Erzurum Büyükşehir Belediyesinin destekleriyle düzenlenen etkinlik kapsamında klasik otomobil severler, Çifte Minareli Medrese önünde araçlarını sergiledi. Vatandaşların yoğun ilgi gösterdiği etkinlikte, Erzurum Büyükşehir Belediyesi bar ekibi de bir gösteri sundu.
Misafirler, Çifte Minareli Medrese ve Üç Kümbetler gibi tarihi mekanları gezerek yetkililerden bilgi aldı. Vatandaşlar ise merakla inceledikleri klasik otomobillerle bol bol fotoğraf çektirdi.

“Erzurum gezmekle bitmez”
Etkinlikte konuşan Erzurum Büyükşehir Belediyesi Başkan Başdanışmanı Hüseyin Koçan, Erzurum’un tarihî önemine vurgu yaptı. Koçan, “Erzurum, Doğu Anadolu’nun tapusu, Türk yurdunun kapısıdır. Misafirlerimizi burada ağırlamaktan büyük memnuniyet duyuyoruz. Açık hava müzesi gibi bir şehirdeyiz. Aslında Erzurum gezmekle bitmez. Biz tarihi kent dokusunu koruyarak kendimize özgü bir kimlik oluşturuyoruz. Bu da gelen misafirlerde bir ruh, bir duygu uyandırıyor. Turizmin amacı da zaten bu özgün kimliği tanıtmak ve kültürel değerleri pazarlamaktır,” ifadelerini kullandı.

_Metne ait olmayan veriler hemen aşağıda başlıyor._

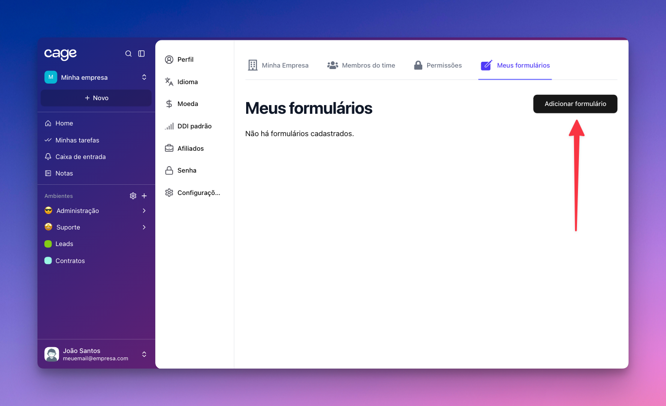 👉 Leia este artigo para entender mais: 👨🏫 Entenda como usar o CRM do Cage!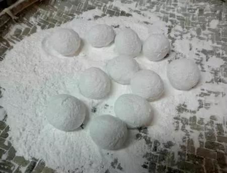5. 在沾满糯米粉的元宵表层均匀洒水,或用漏勺整体放在水中,沾湿快速捞出。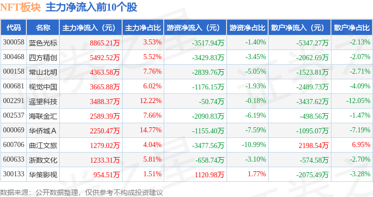 从资金流向上来看,当日NFT板块主力资金净流出6.38亿元,游资资金净流入166.35万元,散户资金净流入6.36亿元。NFT板块个股资金流向见下表: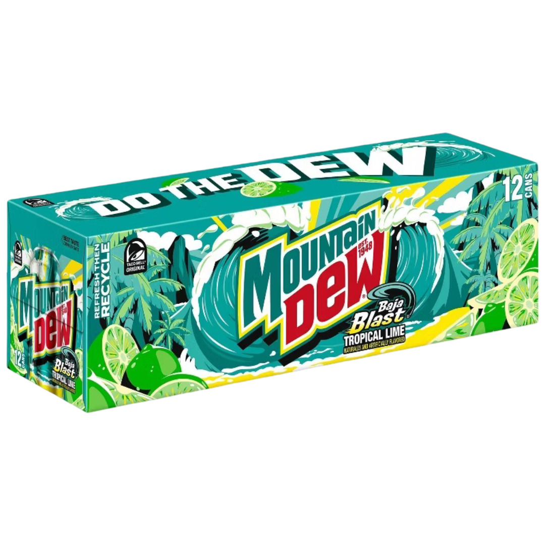 Includes 12 cans of Mountain Dew, Baja Blast flavor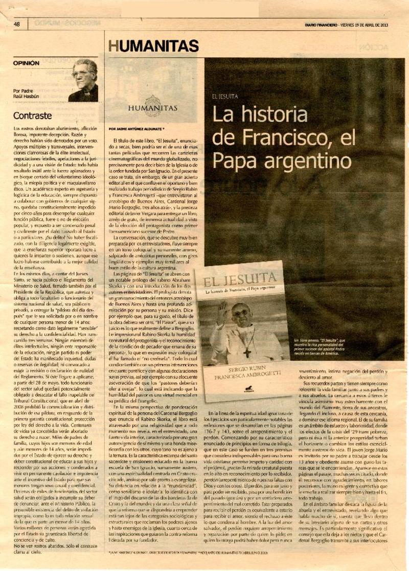 La historia de Francisco, el Papa argentino [artículo] Por Padre Raúl Hasbún.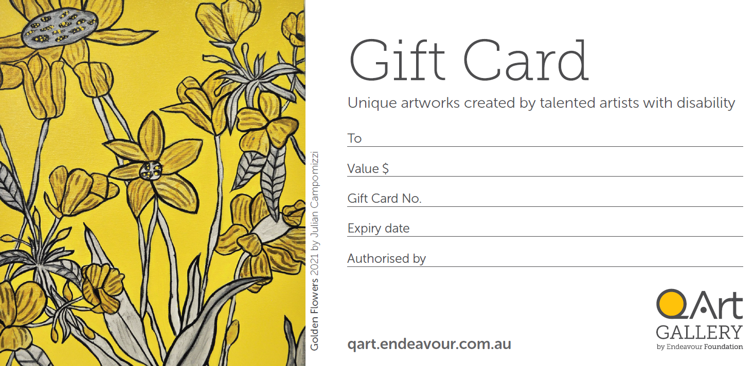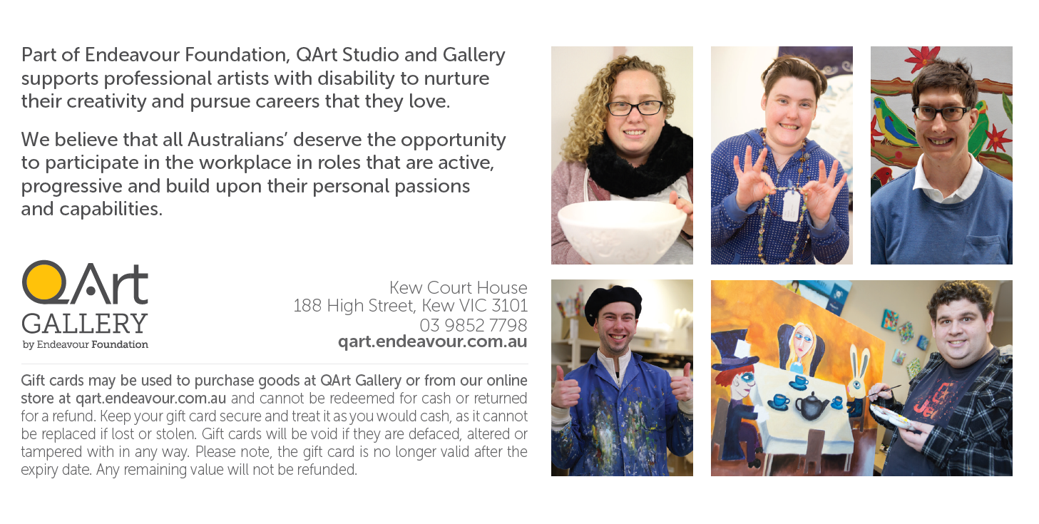 Shopping for someone else, but not sure what give them? Give them the gift that gives twice with a QArt Gallery E-Gift Card. Your purchase will directly support QArt Gallery and Studio, and will also give the lucky recipient the gift of choice, as they'll be able to choose from a range of unique items made by professional artists living with disability.
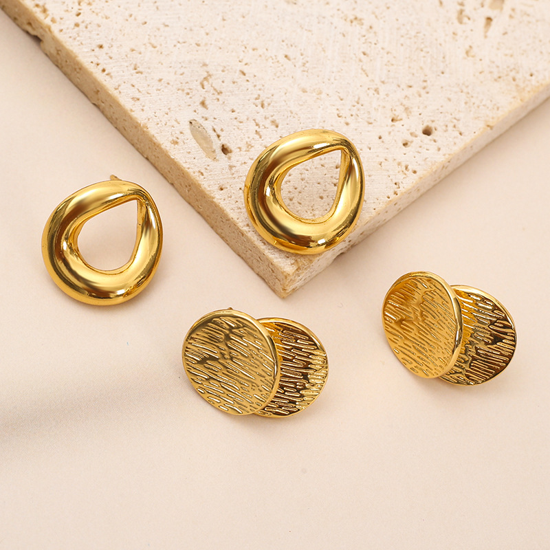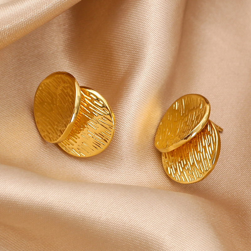 - Stainless Steel Stud Earrings, 304 Stainless Steel, gold color plated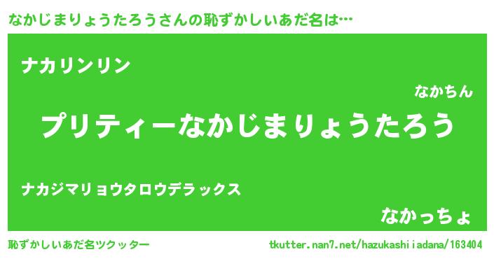 | 意味不明あだ名 | 『住所不定無職なかじまりょうたろう(74歳)』 |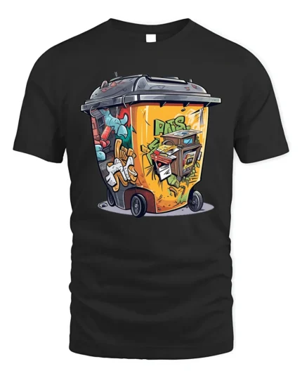 Funny Cartoon Trash Bin Street Art Graphic T-Shirt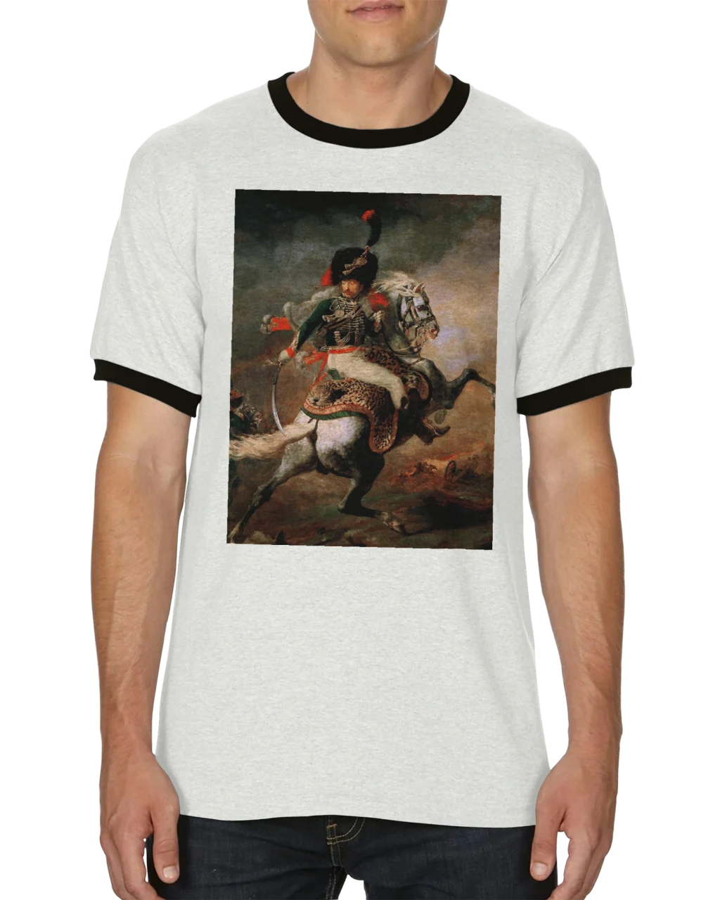 Embrace the spirit of historical artistry and make a statement. Select your preferred color and size, and order your ‘The Charging Chasseur’ inspired Ringer T-shirt today!

“Türkiye’deki ilk durağımız”
Organizasyonu düzenleyen Zorlu Grubu Seyahat Acentası Jules Verne (Jülvern) Turizm Genel Müdürü Ayşe Yağcı Büyükpınar da klasik otomobil konvoyunun Türkiye programı hakkında bilgi verdi.
Büyükpınar, “Belçika’dan gelen 28 adet klasik otomobil, en eskisi 1928 model olmak üzere, şoför ve kopilotlarıyla Türkiye turuna başladılar. Erzurum, Türkiye’deki ilk durağımız. Buradan sonra Bayburt Baksı Müzesi, Erzincan, Kemaliye, Malatya, Nemrut, Şanlıurfa, Göbeklitepe, Gaziantep ve Adana’yı kapsayan 6 günlük bir program uygulayacağız. Katılımcılarımıza Türkiye’nin doğusundaki önemli noktaları göstermek istiyoruz,” dedi.
Grubun büyük kısmının Belçikalı olduğunu, ayrıca ABD’li ve İspanyol misafirlerin de yer aldığını belirten Büyükpınar, klasik otomobil turlarının dünyada oldukça yaygın olduğunu söyledi.

“Bu tür gruplar genellikle 12-13 günlük programlar yapıyor. Bu yıl Azerbaycan’dan başladık, Gürcistan üzerinden Türkiye’ye geldik. Türkiye ise turun en uzun ve en kapsamlı bölümünü oluşturuyor. Geçtiğimiz yıl aynı grup Batı Anadolu turu kapsamında İstanbul, Kapadokya, Ege ve Çanakkale’yi gezmişti. Çok memnun kaldıkları için bu yıl da Türkiye’yi programlarına dahil ettiler. Hizmet kalitemiz, konaklama imkanlarımız ve yemek kültürümüz onları etkiliyor. Amacımız bu tarz özellikli grupların Türkiye’de sayısını artırmak. Çünkü bu tarz organizasyonların ülke tanıtımına ciddi katkısı var,” diye konuştu.
“Gezi harika ve etkileyici”
Etkinliğe katılan Belçikalı Pol Derie ise büyüleyici bir tur yapmak istediklerini ifade ederek, “Azerbaycan’dan başladık, ardından Gürcistan ve şimdi Türkiye’deyiz. 5 gün boyunca Türkiye’de olacağız. İstanbul gibi herkesin gittiği yerlere değil, daha farklı destinasyonlara gitmek istedik. Bu nedenle Erzurum’u seçtik. Daha önce de turlara katıldım ama bu sefer üç ülkeyi gezmek çok etkileyici oldu. Hiç araştırma yapmadık, her gün bir şehirdeyiz. Hızlı ama çok dolu dolu geziyoruz. Gezi harika ve etkileyici,” dedi.